What you should do: Apart from the pictures, which must be omitted, restate the data exactly.

Data below:
====

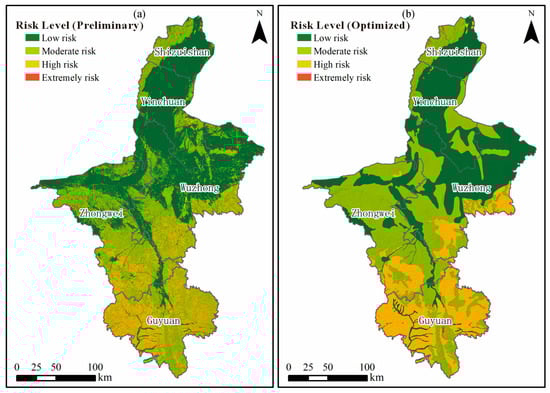 Mass movement risk zoning results. (a) Preliminary risk zoning map obtained through overlaying susceptibility, hazard, and exposure layers. (b) Final optimized risk zoning map after spatial generalization and cluster merging to reduce fragmentation. Coordinate reference: WGS-84 UTM Zone 48 N; gridlines omitted for map clarity.
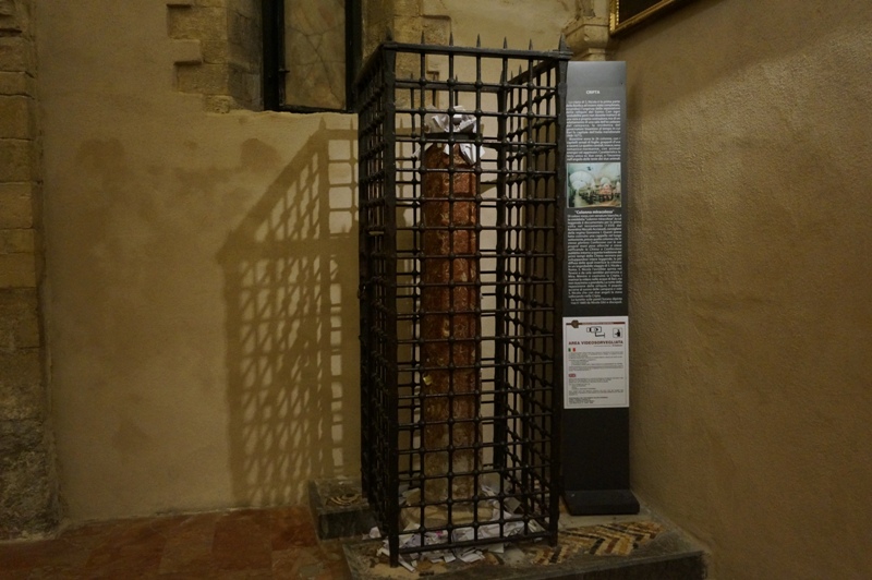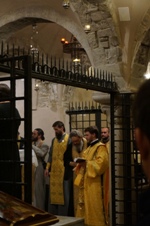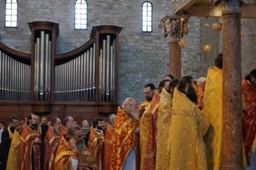 По прибытии в г. Бари 20 мая в крипте базилики, где покоятся честные мощи святителя Николая, Мир Ликийских чудотворца, был совершен молебен с акафистом святителю. Базилика была построена в XI веке для пребывания в ней мощей свт. Николая после их перенесения в 1087 году из Мир Ликийских в Бари. В базилике находится мраморная колонна, которая чудесным образом приплыла из Мир Ликийских в Бари вслед за мощами Чудотворца. Паломники имели возможность приложиться к мощам святого.
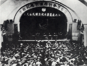 1945年4月23日至6月11日,中國共產黨第七次全國代表大會在延安楊家嶺中央大禮堂召開,歷時50天。出席大會的正式代表547名,候補代表208名,共計755名,代表全國121萬黨員。大會選出毛澤東、朱德、劉少奇、周恩來、任弼時、林伯渠、彭德懷、康生、陳云、陳毅、賀龍、徐向前、高崗、張聞天、彭真15人組成主席團,選舉任弼時為大會秘書長、李富春為副秘書長。
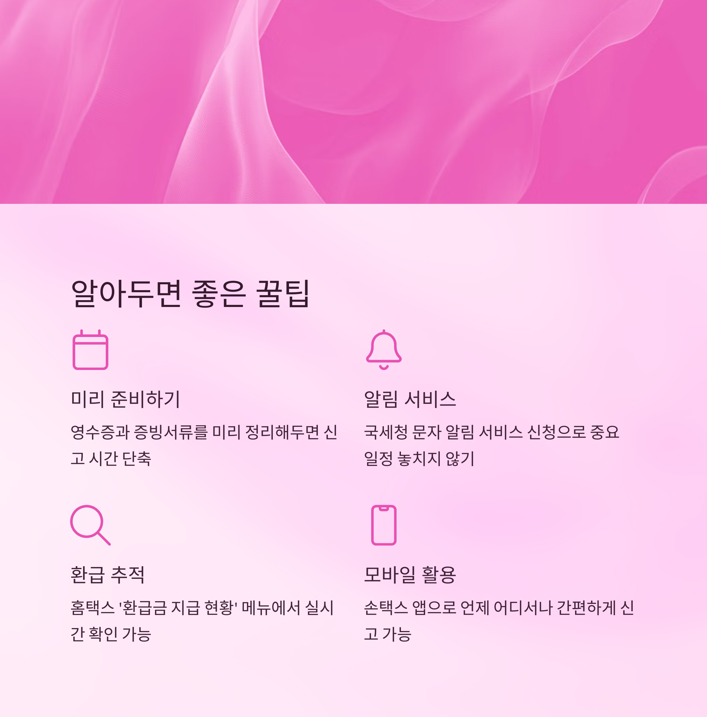 종합소득세 환급은 단순한 돈 돌려받기가 아닌, 납세자가 자신의 권리를 적극적으로 행사하는 과정입니다. 신청 대상 여부를 확인하고, 꼼꼼한 자료 준비와 정확한 신청 절차를 따르면 누구나 쉽게 환급을 받을 수 있습니다.

====

Answer section:
 Mass movement risk zoning results. (a) Preliminary risk zoning map obtained through overlaying susceptibility, hazard, and exposure layers. (b) Final optimized risk zoning map after spatial generalization and cluster merging to reduce fragmentation. Coordinate reference: WGS-84 UTM Zone 48 N; gridlines omitted for map clarity.
 По прибытии в г. Бари 20 мая в крипте базилики, где покоятся честные мощи святителя Николая, Мир Ликийских чудотворца, был совершен молебен с акафистом святителю. Базилика была построена в XI веке для пребывания в ней мощей свт. Николая после их перенесения в 1087 году из Мир Ликийских в Бари. В базилике находится мраморная колонна, которая чудесным образом приплыла из Мир Ликийских в Бари вслед за мощами Чудотворца. Паломники имели возможность приложиться к мощам святого.
 1945年4月23日至6月11日,中國共產黨第七次全國代表大會在延安楊家嶺中央大禮堂召開,歷時50天。出席大會的正式代表547名,候補代表208名,共計755名,代表全國121萬黨員。大會選出毛澤東、朱德、劉少奇、周恩來、任弼時、林伯渠、彭德懷、康生、陳云、陳毅、賀龍、徐向前、高崗、張聞天、彭真15人組成主席團,選舉任弼時為大會秘書長、李富春為副秘書長。
 종합소득세 환급은 단순한 돈 돌려받기가 아닌, 납세자가 자신의 권리를 적극적으로 행사하는 과정입니다. 신청 대상 여부를 확인하고, 꼼꼼한 자료 준비와 정확한 신청 절차를 따르면 누구나 쉽게 환급을 받을 수 있습니다.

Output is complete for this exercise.